In the entries below, which lines run from the one with "Fotografía 66. ò" through the one with "中華隊由這段時間至上半場結束"? Repeat exactly those, both included, and no pictures.

DATASET ENTRIES:
== Segment start ==

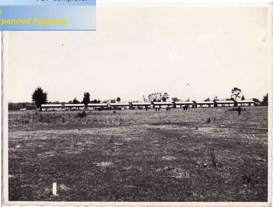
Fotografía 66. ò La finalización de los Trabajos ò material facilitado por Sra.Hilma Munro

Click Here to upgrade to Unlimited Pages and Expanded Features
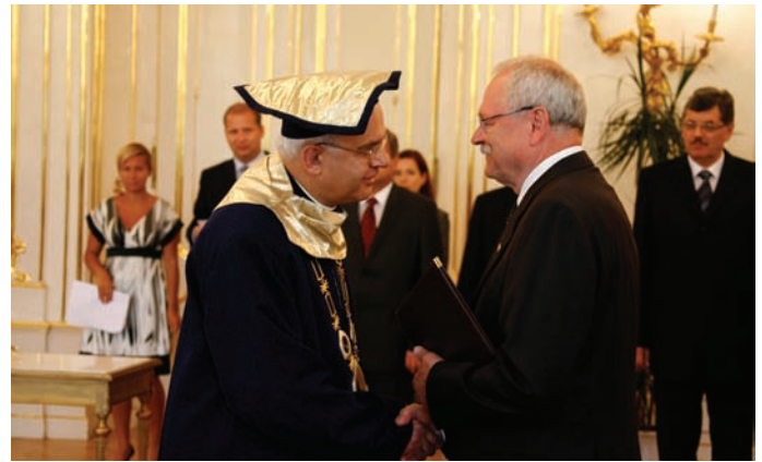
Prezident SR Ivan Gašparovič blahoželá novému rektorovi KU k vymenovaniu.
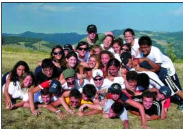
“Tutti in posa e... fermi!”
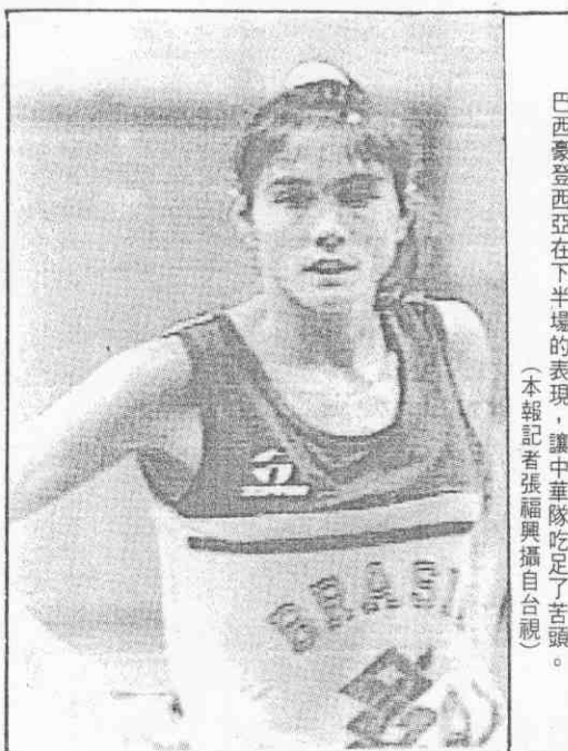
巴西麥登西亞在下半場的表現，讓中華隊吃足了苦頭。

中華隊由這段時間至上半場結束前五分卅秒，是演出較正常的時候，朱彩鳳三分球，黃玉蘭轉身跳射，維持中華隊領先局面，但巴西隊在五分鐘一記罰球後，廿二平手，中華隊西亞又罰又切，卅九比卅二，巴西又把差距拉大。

== Segment end ==
== Segment start ==

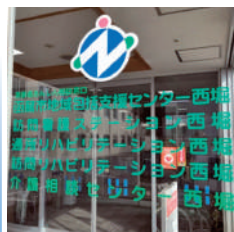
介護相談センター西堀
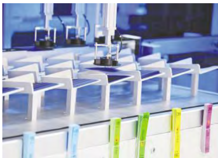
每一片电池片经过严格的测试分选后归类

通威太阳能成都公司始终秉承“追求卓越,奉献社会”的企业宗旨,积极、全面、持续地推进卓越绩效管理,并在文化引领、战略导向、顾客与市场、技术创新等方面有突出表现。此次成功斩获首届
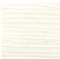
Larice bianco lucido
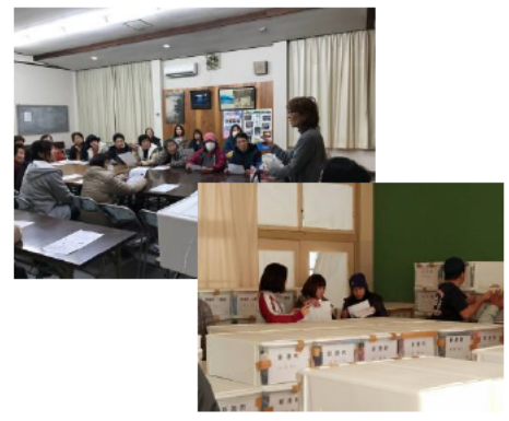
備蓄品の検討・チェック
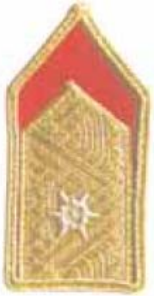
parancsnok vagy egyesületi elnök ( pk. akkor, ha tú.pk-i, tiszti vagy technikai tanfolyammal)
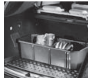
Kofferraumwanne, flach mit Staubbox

== Segment end ==
== Segment start ==

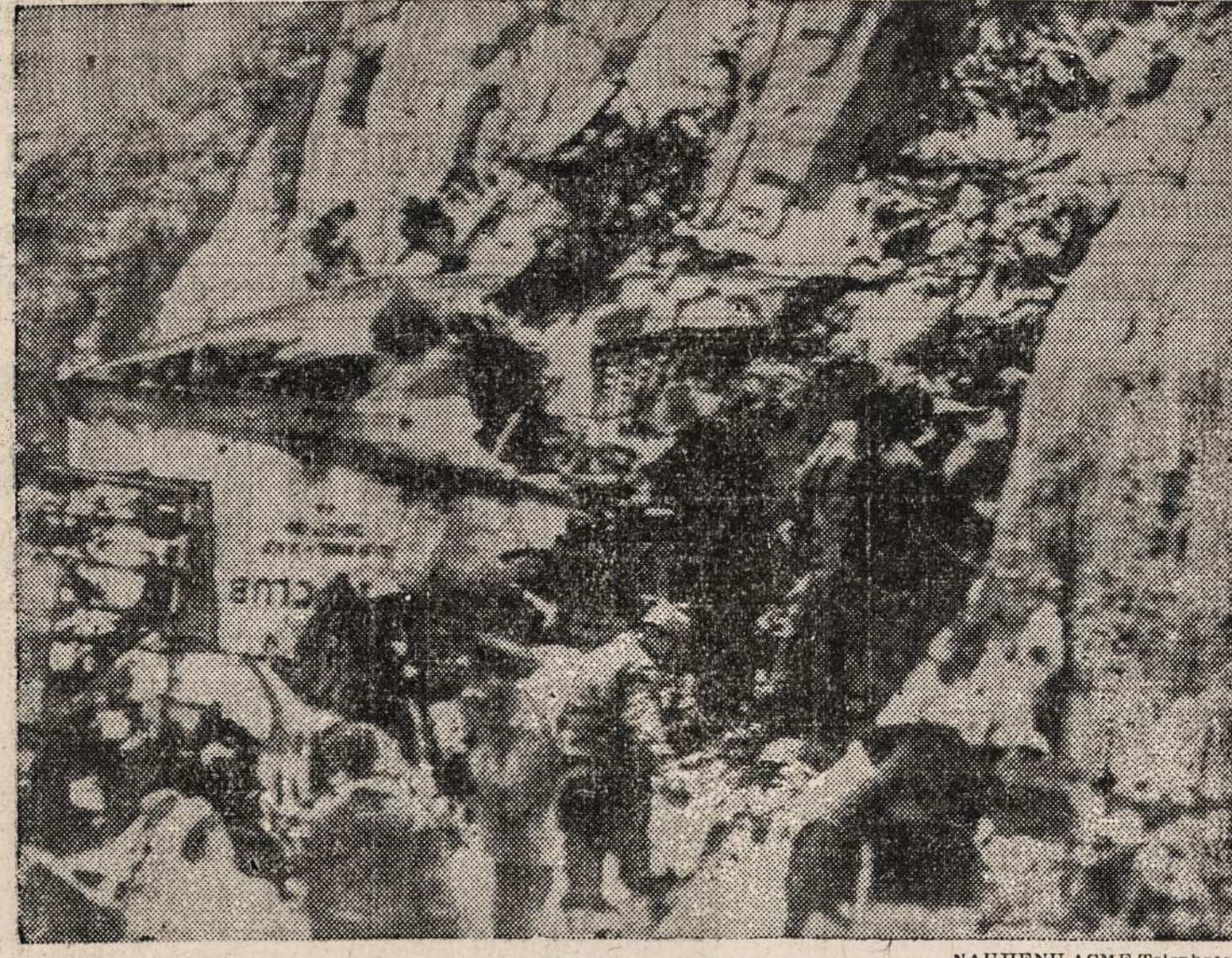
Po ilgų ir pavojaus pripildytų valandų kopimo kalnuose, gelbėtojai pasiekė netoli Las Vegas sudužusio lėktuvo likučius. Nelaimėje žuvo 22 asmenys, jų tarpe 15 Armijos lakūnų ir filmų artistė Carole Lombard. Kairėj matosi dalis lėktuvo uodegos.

== Segment end ==

SOLUTION TO THIS PROBLEM:
Fotografía 66. ò La finalización de los Trabajos ò material facilitado por Sra.Hilma Munro

Click Here to upgrade to Unlimited Pages and Expanded Features
Prezident SR Ivan Gašparovič blahoželá novému rektorovi KU k vymenovaniu.
“Tutti in posa e... fermi!”
巴西麥登西亞在下半場的表現，讓中華隊吃足了苦頭。

中華隊由這段時間至上半場結束前五分卅秒，是演出較正常的時候，朱彩鳳三分球，黃玉蘭轉身跳射，維持中華隊領先局面，但巴西隊在五分鐘一記罰球後，廿二平手，中華隊西亞又罰又切，卅九比卅二，巴西又把差距拉大。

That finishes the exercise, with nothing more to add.